In order to gain more interest in mutual funds, you should be clear about misconceptions that are associated with it. The sooner you learn about myths of mutual funds, the better it is for investors.
Some of major mutual fund myths are discussed here –
- Myth – “In order to invest into the mutual funds, I would require large sum of money”
Fact – “One can invest into the mutual funds with a minimum amount of Rs. 500 per month”
It is a very common misconception amongst people that in order to invest into mutual funds and to earn maximum returns, large sum of money is required. But that is not true. The fact is that a person can invest minimum amount of Rs. 500 per month in mutual funds through Systematic Investment Planning (SIPs). Investment into mutual funds can be increased gradually with rise in income in later years but invested capital would still provide good returns every year. For example, a person invests in mutual funds giving average returns of 12% annually and an investment of Rs. 2000 per month is made into it. After 20 years, the person would receive 20 Lakh rupees. In addition to it, if investment was increased by 10% every year then the person would be gaining 39.5 Lakh rupees after 20 years.

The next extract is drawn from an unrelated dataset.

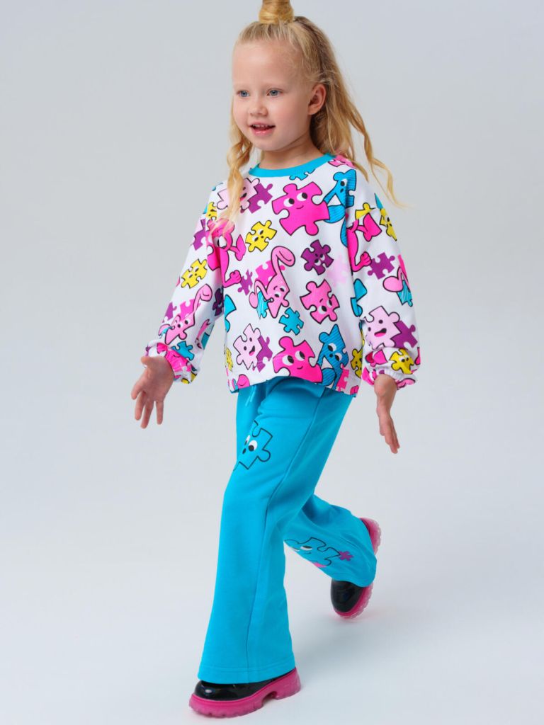 Детский трикотажный спортивный костюм для девочки от PlayToday: стильный свитшот и удобные брюки на резинке. Яркий принт делает образ модным, а мягкий футер без начёса обеспечивает комфорт каждый день — в детском саду, на прогулке или дома.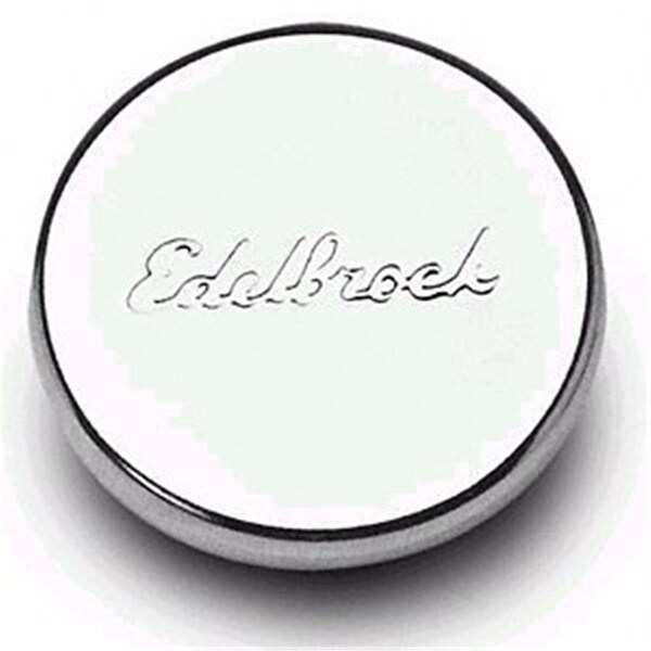 The Oil Fill Hole Plugs are designed to plug the oil hole on The Edelbrock Signature Series valve covers or any diameter fill hole. These oil fill hole plugs have recessed Edelbrock script. Features Oil cap attachment is push-in Oil cap is made of steel Top style of the oil cap is plain Has the recessed Edelbrock script Chrome finish for a great look

Many drops fill the ocean. Similarly, systematic and small investment can lead to large corpus after a particular time period.
- Myth – “Only an expert can invest into the mutual funds”
Fact – “The investment in mutual funds is researched and regulated by an expert fund manager”
Mutual funds are surrounded by misconceptions which influence the investors to avoid them mostly. It is because most of the people don’t know about them. But truth is that mutual funds are actually an excellent option for those who know less about making investments. The investment research and analysis is done by mutual fund experts. The mutual fund manager is responsible to choose stocks for you and decide when to trade them.
- Myth – “Mutual funds only invest into the equities”
Fact – “The array of investment of mutual funds are diverse”
This misconception needs to be broken that the mutual funds only invest into pure equities. The fund manager splits invested capital and invests them partially to debt funds and partially to equities. As of 30th September 2016, 66% of the assets that are under management are invested in debt funds and investment into equities is limited up to 32%. So, mutual funds investments not just provide you good returns but they are also beneficial in tax treatments. They are much better than fixed deposits. Mutual funds also deal in investing the assets under management into balanced funds which is a hybrid of equity and debt funds. Gold investment is also a part of the mutual fund investments. This diversification clearly indicated that mutual funds are associated with a wide range of investment plans.
- Myth – “A five star rated fund would always be the best”
Fact – “Ratings are based upon past performance which is not sole deciding factor in selecting the best mutual fund”
The ratings to mutual funds are provided by investment experts. It is generally based upon the performance of mutual funds in past few financial years depending upon its risk factor. But these rating would provide a vague idea to the investors and not a complete scenario. A five star rated mutual fund can become three or two stars in the next financial year. Mutual funds are dependable on various factors which can shift the graph of that particular fund. Ratings needs to be paired with various other factors like risk, past performance, average rate of returns, and so on to achieve a fair idea.
- Myth – “Investment into the SIPs would prevent loss of money”
Fact – “Investment into market equities, whether lump sum or through SIPs are prone to loss”
SIPs are just to reduce the average investment of investors and to minimize its risk factor. Without proper investigation and analysis of the equities, investors should not put their money into mutual funds. Cost averaging plays a major role in investment through SIPs. Though, SIPs give lesser returns than bulk investment in market, but both the cases are prone to loss.